It’s hard to imagine now, but former All-Pro offensive tackle Jon Runyan spent his first two falls at Carman-Ainsworth High School running cross country.
“He probably ran in the high 18s, and he’s huge,” long-time Carman-Ainsworth cross country coach Kenn Domerese said.
It’s even harder to imagine that the reason he ran with the skinny kids was because his mother was concerned that Runyan, the biggest and most talented athlete in school, would get hurt playing football.
Getting Runyan onto the gridiron was a tough sell. It wasn’t until his junior year that his mother finally relented, persuaded that football could be Runyan’s meal ticket.
“Most of the lobbying was done by Tim Johns, because he lived not far from me,” Runyan said. “He’d stop by every day on his way home after work. He saw me playing basketball in the driveway and kept lobbying.
“It became a point where I haven’t technically grown height-wise since I was 16 years old. The skill set I had as a five in basketball wasn’t going to transfer very well to Division I basketball, me being 6-8. I had to find another pathway. I did, and it worked out, I guess.”
Before Runyan became a football star, he established his name on the basketball court and in the throwing circle during track and field season.
In basketball, Runyan was called up to the varsity early in his freshman season. He spearheaded the birth of one of the Flint area’s top programs, as Carman-Ainsworth went 20-0 during the 1991-92 season before losing in the first game of the districts to powerful Flint Northwestern, 57-47.
“We won a couple of Big Nine championships, that’s about it,” Runyan said. “The year we had a really good team it was us, Northern and Northwestern all ranked in the top seven in the state playing in the same district. That was the best team, and we couldn’t handle Northwestern that one year.”
Runyan’s greatest success as a high school athlete was in track and field. He was the state Class A shot put champion in 1991 and 1992. He was sixth in the discus in 1990 and second in 1992. His discus throw of 178 feet, 1 inch in 1992 would’ve won the state meet more often than not, but he was beaten by Grandville’s Brett Organek, whose throw of 196-5 was a state-meet record at the time.
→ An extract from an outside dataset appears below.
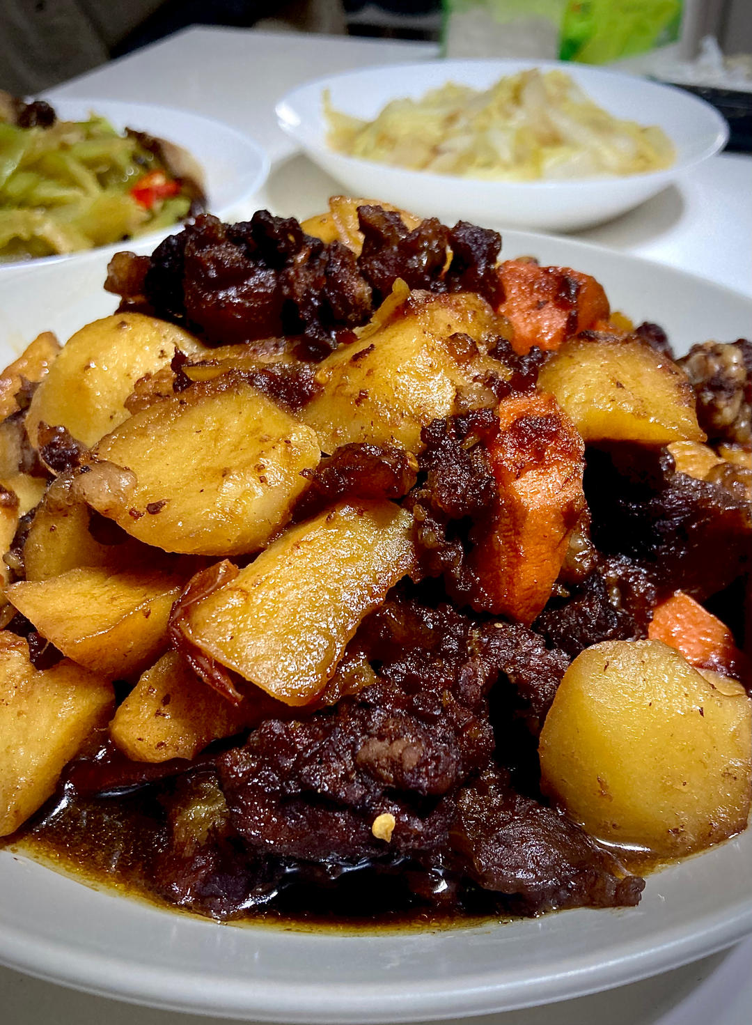 jane张景淳 做过 2023年03月03日 家常菜:牛骨肉炖土豆胡萝卜,西芹腊肉,清炒大白菜,私房糖三角。 人生,哪能事事如意;生活,哪能样样顺心。我们都坚强而努力的活着,但总会因为某种理由,最终选择向世界妥协。 2023-03-03
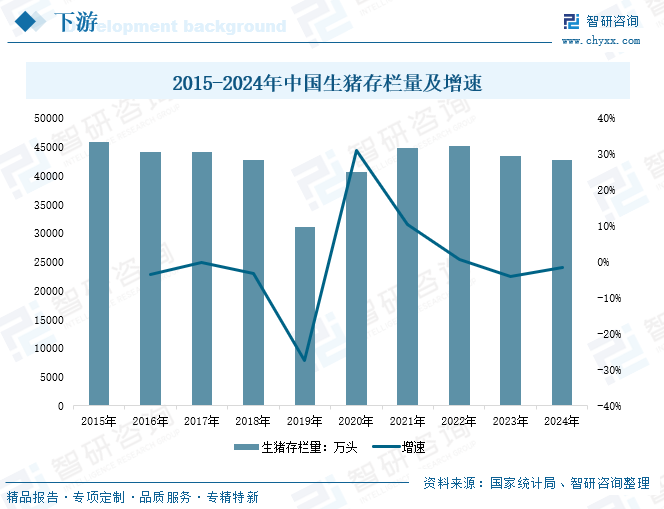 在粮食安全战略与消费升级需求的双重驱动下,中国生猪养殖行业正经历着从传统散养向现代集约化生产的深刻变革。作为农业产业链的核心环节,生猪养殖不仅承载着保障肉类供给安全的使命,更成为推动农业现代化、促进乡村振兴的重要抓手。自改革开放以来,我国生猪养殖行业受经济持续高速增长、城乡居民收入水平不断提高和食物消费结构不断升级等因素的需求强力拉动。根据国家统计局数据,2015-2024年中国生猪存栏量呈现上下波动的态势,2024年中国生猪存栏量达到42742.9万头,同比下降1.56%,这主要受政策调控影响,2024年年初生猪产能过剩,市场主体主动控制母猪存栏量,散户在长期亏损压力下逐渐退出市场。而浓缩饲料行业发展与生猪养殖行业息息相关,随着生猪存栏量的下降,浓缩饲料行业需求也会疲软。

Runyan credits his time with Carman-Ainsworth throws coach Mike Stuart for helping him learn how to train, something that served him well as he moved into his football career.
“He taught me how to lift weights,” Runyan said. “We didn’t have big weight programs on the football team or with the basketball team. Mike made sure you had access to doing Olympic lifts, squats, power cleans, clean-and-jerks, explosive types of lifts you wouldn’t get exposed to a lot because a lot of people didn’t know how to do it. When you look at groundbased, explosive type stuff, that’s what generates into all athletic movements. People thought he taught me how to throw; he taught me how to lift.”